According to SCA President Mahmood Gaznavi, even the 2017 SEA games medals were not the team’s highest achievements. The Singapore cricket team’s performance in international tournaments like the Asian Cricket Council Trophy and the International Cricket Council World Cup, where they turned in performances “at various levels”, were greater accomplishments.
“We have beaten some very good teams, like Canada, Bermuda and Scotland. But I feel like we didn’t get the recognition,” he says. “Because it is in platform that the institutions here in Singapore don’t recognise.”
Most sports federations have a home, but cricket does not have one. It does not have to be a good location or in a prime area, but what we need is security of tenure.”

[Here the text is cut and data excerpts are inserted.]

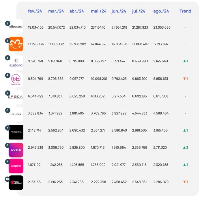 No entanto, o maior crescimento MoM está com sua concorrente, a também gigante brasileira Natura. Com 16% de expansão em agosto, a marca se consolida na segunda posição do ranking do setor, registrando 17,2 milhões de visitantes únicos. O mais alto avanço entre abril e agosto também se estabelece com ela, ao conquistar 3,8 milhões de novos acessos - seu progresso foi de 28,7%.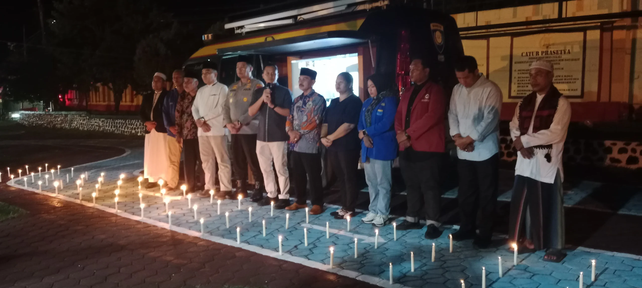 SAROLANGUN – Bertempat di Lapangan Mapolres Sarolangun Desa Simpang Bukit Kecamatan Pelawan, ratusan orang yang terdiri dari jajaran Polres Sarolangun, forkopimda, tokoh agama, tokoh masyarakat, ojol, mahasiswa mengelar Deklarasi damai 1000 lebih lilin pada Minggu (31/08/2025) malam.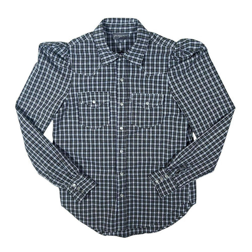Vintage Attrak Jeans Cowboy Western Black White Grey Plaid Check Long Sleeve Popper Shirt

– SCA President Mahmood Gaznavi
No training ground
Gaznavi says that there is also recognition for several types of sporting events – the SEA Games, the Asian Games, the Commonwealth Games and the Olympics. Cricket unfortunately is not a regular sport included in any of these events and world championship events and achievements are not readily recognised.
Gaznavi emphasizes that the most basic requirement – that of a dedicated ground for training – is one of the biggest challenges for further progress.

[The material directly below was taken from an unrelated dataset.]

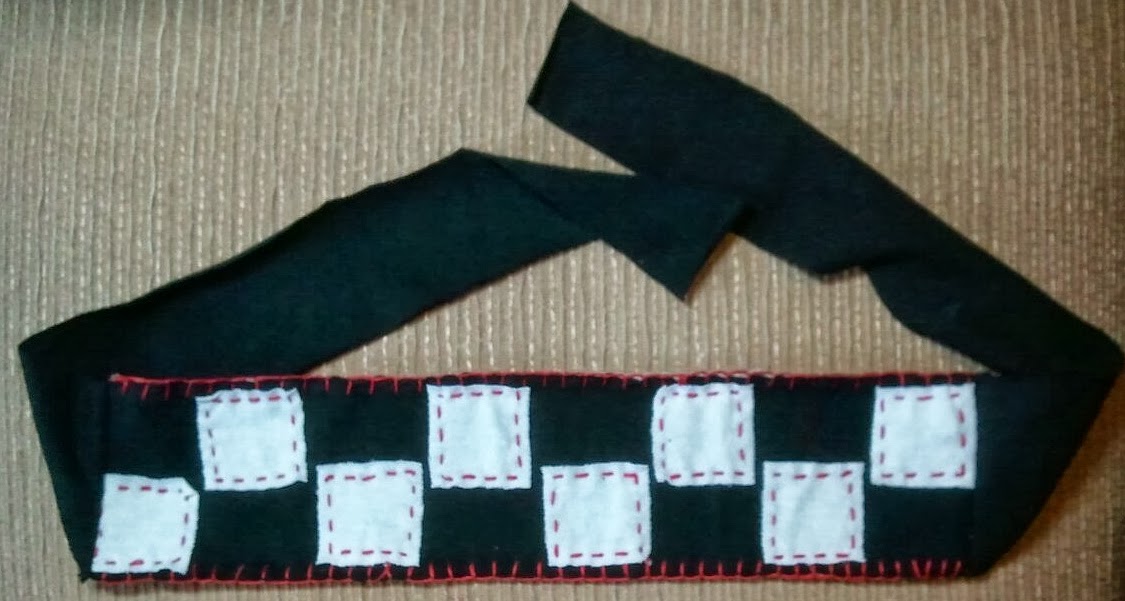 For my project today I took with me the little head band I had started so I could finish it. While learning and practicing the different stitches I decided to make something usable with the samples. Headbands give me the opportunity to do so and can be made with mostly scraps. This is what I finished today. The squares are cut from the same knit as the back of the band and sewn on with a straight stitch and the edges are done in a blanket stitch. You can't see it but the ties are sewn on with a back stitch which is a very strong stitch for that use. The thread is all 3 strands of embroidery floss. None of the stitches are new to me but hand sewing with nice even stitches take practice and I want to make a wearable garment when I get better at it.

He says: “Because we don’t have a ground, we find that our programs are haphazard, and we cannot have good control of the direction we wish to take. When we had a ground in Kallang, we ran youth programs, classrooms, got logistical support like umpires, teaching courses, and programs to enhance the playing level of the team. And you’ve got to recognise that cricket cannot be a portion of a field. The ground has to be specially tailored ground for playing cricket – because 95% of the action is in the middle of the ground, where the strip is. You can’t share a field with hockey or cricket or rugby.”
“Most sports federations have a home,” Gaznavi adds. “But cricket does not have one. It does not have to be a good location or in a prime area, but what we need is security of tenure.”
Currently, the national team trains by renting the Indian Association’s field. However, as the Indian Association’s own lease is on a year-to-year basis, there is no security of tenure for cricket as well.
Our 20th position is not a permanent place. Where we go from here really depends on how we develop a skillful team of home-grown players. We need a world-class, high performance training facility if we are to continue playing with the big boys.”
– SCA CEO Saad Khan Janjua
There are currently 105 ‘cricket playing nations’ (countries that are members of the International Cricket Council). Out of these, 12 are test playing nations, out of which 5 countries automatically get a slot to vie for the Asia cup. Of the remaining 93 nations, according to Gaznavi, Singapore is a strong contender, along with three other nations – Hong Kong, Nepal and the United Arab Emirates – who are vying for a slot in the Asian Cup.
“We are just one step away from joining the giants of Asia like India, Pakistan, Sri Lanka, Bangladesh and Afghanistan in the Asia Cup,” said Saad. “It’s a qualifier that’s coming up later this year or next year. And we are also in the T20 Global world cricket qualifier and World cricket league qualifiers.”
However, Saad cautions: “Our 20th position is not a permanent place. Where we go from here really depends on how we develop a skillful team of home-grown players. We need a world-class, high performance training facility if we are to continue playing with the big boys. We hope to get a home like the other NSAs in Singapore.”